OK, to be honest, I made a dumbed down version, but it was still really, really good.

Instead of making the bao from scratch ("Did she really make fresh bao? Quaint!") I cheated and used these yeast rolls that come frozen. They are just good yeast rolls, a little sweet and very puffy. I thawed them out, let them rise, stuffed them and let them rise again.

But that was the only cheating part. I did make my own version of the barbecue sauce, so it may not be exactly authentic, but it tasted amazing.

I slow roasted a pork shoulder butt - just over 2 lbs.: first I covered it in salt, pepper, chopped garlic and olive oil, seared it in a hot pan and then put it on a grate in my roaster, with a little water (not touching the roast), covered it tightly with foil and roasted it for an hour at 350F and for three additional hours at 300F.

When it came out it just fell apart, so I shredded it up and put it in the sauce I had made, in the same pan where I seared the roast. I removed all the garlic bits that had fallen off the roast when I seared it, cause it was starting to look burnt, but left all the lovely pork flavor.
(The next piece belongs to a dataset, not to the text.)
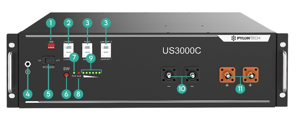 1 - ADD DipSwitch: sirve para definir la batería maestra y esclava.2 - Contacto /Consola3 - A/CAN - B/RS485: conexión utilizada para la comunicación con el inversor.4 - Link Port 0/1: permite la comunicación entre varias baterías en paralelo. 5 - Toma de tierra6 - POWER: interruptor de encendido ON - OFF7 - Start: arranque - apagado8 - Run: LED verde que parpadea o se enciende para indicar el estado de funcionamiento de la batería.9 - Alarma: parpadea para indicar que la batería está en alarma; se enciende para indicar que la batería está bajo protección. 10 - SOC: indicador luminoso que muestra la capacidad actual de la batería.11 - Terminales de alimentación negativos: uno se conecta al equipo, el otro se conecta en paralelo a otro módulo de batería para aumentar la capacidad.12 - Terminales de alimentación negativos: uno se conecta al equipo, el otro se conecta en paralelo con otro módulo de batería para aumentar la capacidad.

Then I added a little more oil, about half a finely chopped onion and one finely chopped clove of garlic. While that sauteed, I added 1/2 tsp ginger, 1/4 tsp salt, 3 tbls brown sugar, 1 tbls soy sauce, 2 tbls white vinegar and 5 tbls hoisin sauce. Keep in mind that these figures are all guesses cause I didn't really measure anything, but I just kept tasting it as I went along to make sure I had what I wanted.

Once I added in the roast pork (and I only used about 1/2 of it), the pork mostly soaked up the sauce, so it had the flavor, but wasn't all saucy.

I split up the pork into 9 buns (there are three of us and I wanted us to all have 3 each - cause we like to eat), twisted the edges up and let them rise again, and then steamed them in my metal veggie steamer for about 15 minutes. I don't have a bamboo steamer, but this worked just fine.

I did put two of them in the oven, just to see what would happen and they were good that way as well, just a little crunchier.